Thanks joriki and Patrick. Frankly I prefer joriki's answer because it considers the specific constraint. And Patrick's answer can be applied to more generic problems. For the record, I happen to have another solution, which I think is very similar to joriki's. I appreciate any comments on the method.
The idea is to use a rotation to satisfy the constraint $\|x_{k+1}\|=\|x_k\|$: $x_{k+1}=R_kx_k$ where $R_k$ is a rotation matrix ($R_k^TR_k=I, \det R_k=1$). Note rotation just change the direction of a vector, but no change the length. In order to determine $R_k$, I use the axis-angle representation of a rotation matrix (aka Rodrigues’ formula): $R_k=I+[\omega_k]_{\times}\sin\theta_k+[\omega_k]_{\times}^2(1-\cos\theta_k)$ where $\omega_k$ is the rotation axis, $\theta_k$ is the rotation angle and $[\omega]_{\times}$ is the skew-symmetric matrix associating with $\omega$. The rotation axis can be chosen as $\omega_k=x_k \times n_k$ and the step size $\theta_k$ might be determined by a one dimensional search.
EDIT: $R_kx_k=x_k+\sin\theta_k (\omega_k\times x_k)+(1-\cos\theta_k)(\omega_k\omega_k^T-I)x_k$ $=x_k+\sin\theta_k (\omega_k\times x_k)-(1-\cos\theta_k)x_k =\sin\theta_k (\omega_k\times x_k)+\cos\theta_k x_k$ In the above equation, we use the facts: $[\omega]{\times}^2=\omega\omega^T-\|\omega\|I$ and $\omega^Tx=0$ (note $\omega\times x\ne 0$).

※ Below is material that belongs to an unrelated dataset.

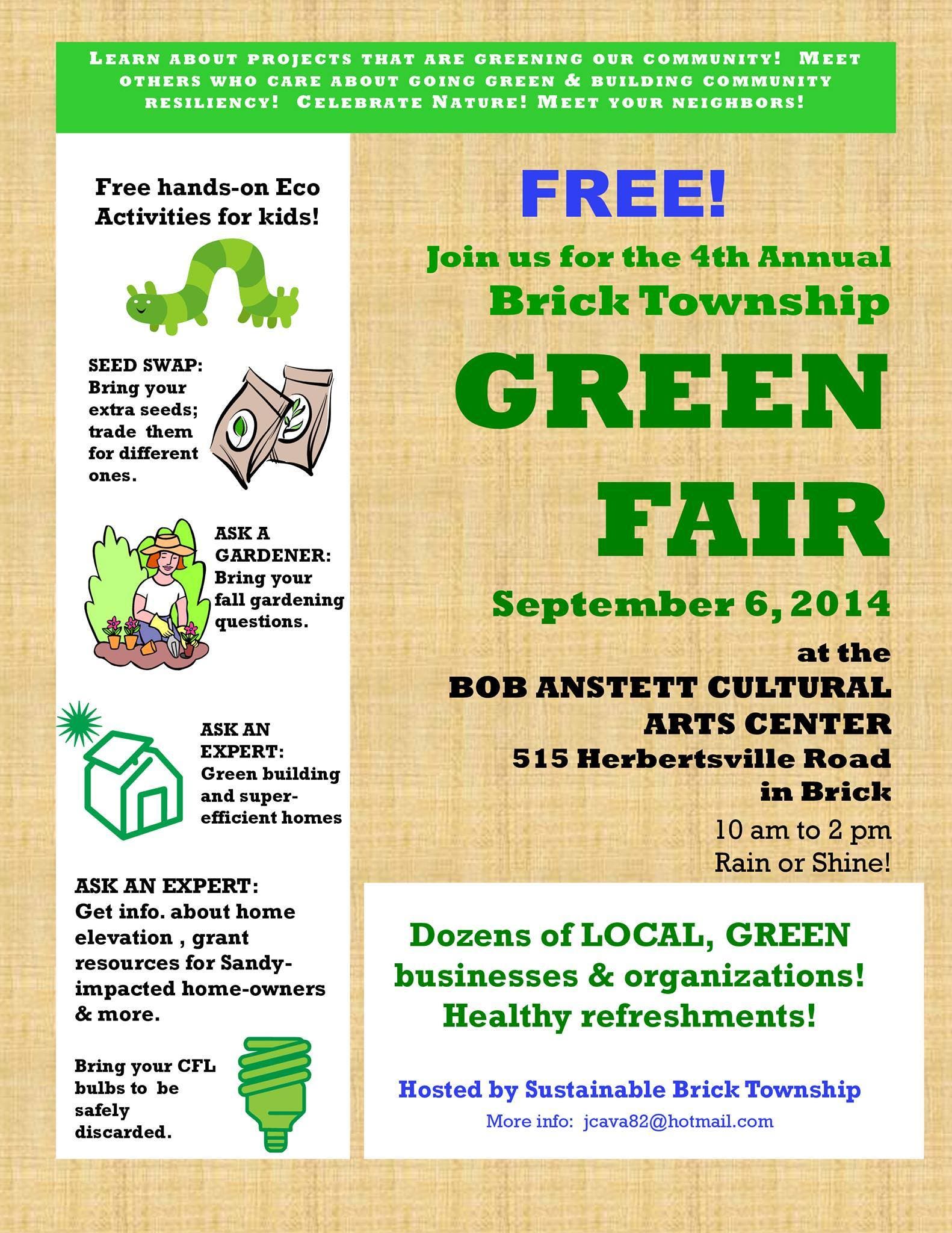 Come out to the fourth annual Brick Township Green Fair this Saturday, Sept. 6. The event, from 10 a.m. to 2 p.m. at the Bob Anstett Cultural Center, 515 Herbertsville Road, features a number of vendors and informational presentations.

Choose $\omega_k\times x_k=n_k$, i.e., $\omega_k=x_k\times n_k$, the above equation is exactly the same as joriki's answer.

EDIT again: prove it is gradient descent. For $x_{k+1}=x_k+v$, as long as $v^T(-g)>0$, it is gradient descent. And $p(x)$ is guaranteed to decrease given sufficiently small step. For our problem, can we use this to prove? In our equation, $x_{k+1}=x_k+\underset{v_k}{\underbrace{\sin\theta_k (\omega_k\times x_k)-(1-\cos\theta_k)x_k}}$ so we need to check if $-v^Tg>0$. It is very interesting that unlike common cases, the evolving direction is depend on the step size $\theta$. We should know that gradient descent is only valid (mathematically) for sufficiently small step size. When $\theta$ is very small, $\sin\theta=\theta$ and $1-\cos\theta\approx0$ (second order). So we have $v_k\approx\theta_k n_k$ Obviously $-g^T\theta_k n_k>0$. So it is gradient descent.
Summary: in order to satisfy the constraint, we have $v_k=\sin\theta_k (\omega_k\times x_k)-(1-\cos\theta_k)x_k$ (complex). But in order to prove the descent property, we have $v_k\approx\theta_k n_k$ (simple and essential).